Work is not an issue as we do all our work online. So the most important aspect would be broadband in the areas we would need a good broadband connection.

We are just starting to learn the language and hope to learn a lot more and take classes when we get there.

Also if you could share your experiences with your area of malaga like available apartments, villas etc. We have been looking at terremelinos, fuengerola and also torrox, competa regions but would look at other areas as well.

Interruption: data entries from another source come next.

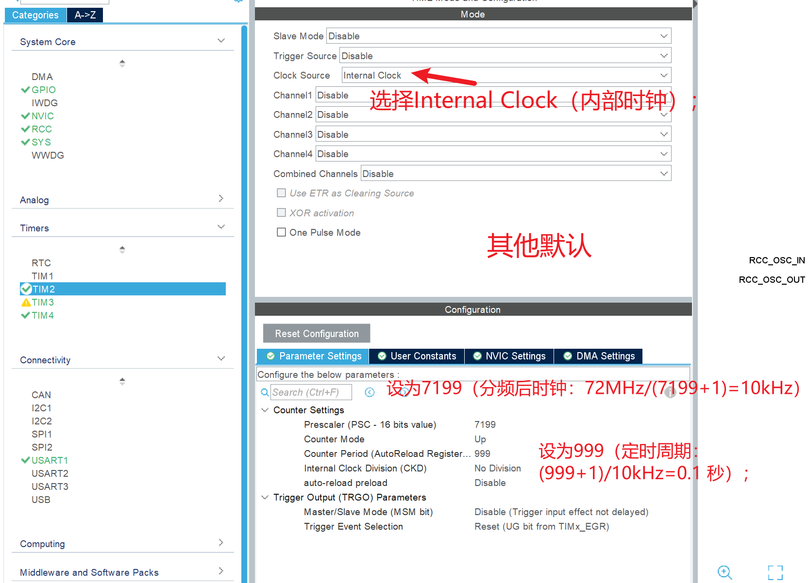 Prescaler (PSC):设为7199(分频后时钟:72MHz/(7199+1)=10kHz);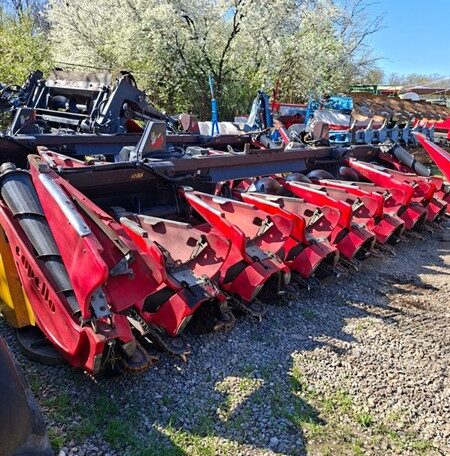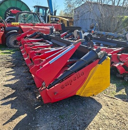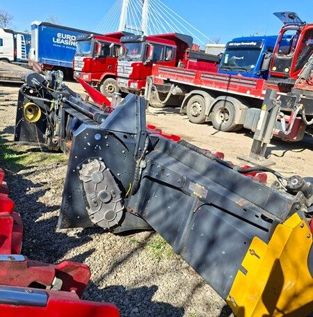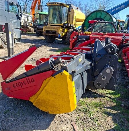 Cu TVA: 22,854 €Heder (culegator de porumb) cu cadru pliabil hidraulic (flip-up), numar randuri 8, distanta intre randuri 75 cm, latime de lucru aprox. 6,00 metri, latime transport redusa prin pliere hidraulica, greutate aprox. 3350 kg, compatibil combine Claas Lexion si Tucano cu senzori Auto Contour si multiconector, coifuri (hoods) si ciocuri (snouts) din technopolymer rezistent la uzura si coroziune, coifuri complet rabatabile si reglabile fara scule, reglaj continuu al unghiului ciocului prin maneta cu blocare prin surub, sistem horizontal de tocare tulpini Capello integrat in carcasa de fonta a cutiei de viteze, tocatoare de tulpini rotative angajabile/dezangajabile printr-o maneta, 2 perechi de rupatori de cioturi (stubble breakers) pentru protectia anvelopelor, valtzuri de culegere cu profil de crestatura pentru angajare completa a tulpinilor, reglaj hidraulic al valtzurilor de culegere (stalk rolls), melci de transport porumb orizontali pe ambele parti (pentru porumb cazut), cutie de viteze cu limitator de cuplu in baie de ulei (oil bath torque limiter) integrat, cadru modular usor de intretinut, acoperire anticoroziva prin vopsire in camp electrostatic conform standardelor ISO, optional kit conversie floarea soarelui disponibil in cateva minute, senzori de urmarire sol Auto Contour, multiconector hidraulic si electric (multicoupler)pentru conectare rapida la combina, prindere tip Claas standard etc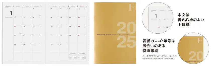 必要最小限の機能を1冊に凝縮。カラー展開はブラック、ホワイト、ゴールド、ディープレッドの全4色。
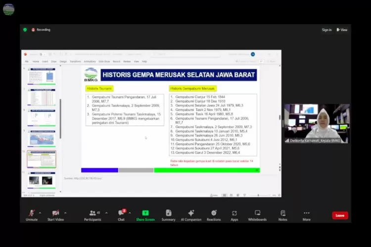 SATUARAH.CO - Kepala Badan Meteorologi, Klimatologi dan Geofisika (BMKG) Dwikorita Karnawati meminta masyarakat Sukabumi, Tasikmalaya, Bandung, Garut dan sekitarnya untuk mewaspadai adanya sejumlah potensi bencana usai guncangan gempa bumi tektonik berkekuatan Magnitudo 6.2, Sabtu (27/4/24) lalu.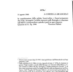2 Nello schedario di A . Faller si trova , riguardo al testo n ° 1279a , la citazione seguente : " Stigli [ mobili e arredi ] della Bottega a S . Giovanni della Malva n . 9 ... che si hanno in affitto dal Sig . Arcangelo Cordella unitamente al locale ”. L ’ affitto viene menzionato anche da Angelo Palombi nella sua deposizione nel Proc . Apost ., £ 620 : ” 11 padre [ di Vincenzo Pallotti ], che era mercante pizzicagnolo ... lo aveva lasciato erede di tre pizzicherie , qui in Roma , una a San Giovannino della Malva , una al Vicolo del Moro , e la terza nelle vicinanze del Palazzo Spada .

Any info that you could give would be of great help and would be very much appreciated.

Thanks

SH


----------



## spanishhopeful (Jan 28, 2011)

Anyone? I would specifically like some information on the best area for broadband. Also I just read an article on 4g coverage in Malaga is this up and running yet?

Thanks

SH


----------



## xabiaxica (Jun 23, 2009)

spanishhopeful said:


> Anyone? I would specifically like some information on the best area for broadband. Also I just read an article on 4g coverage in Malaga is this up and running yet?
> 
> Thanks
> 
> SH


hi & welcome


I don't live in that area, although a lot of our posters do as does one of the mods

however, since your 1st post was at nearly 1am here & it's not yet 7.30am, I doubt many of them are up yet

I'm only up cos my dd has to be at school for 8am!!


----------



## spanishhopeful (Jan 28, 2011)

Thanks for the reply. Really sorry forgot all about the time difference.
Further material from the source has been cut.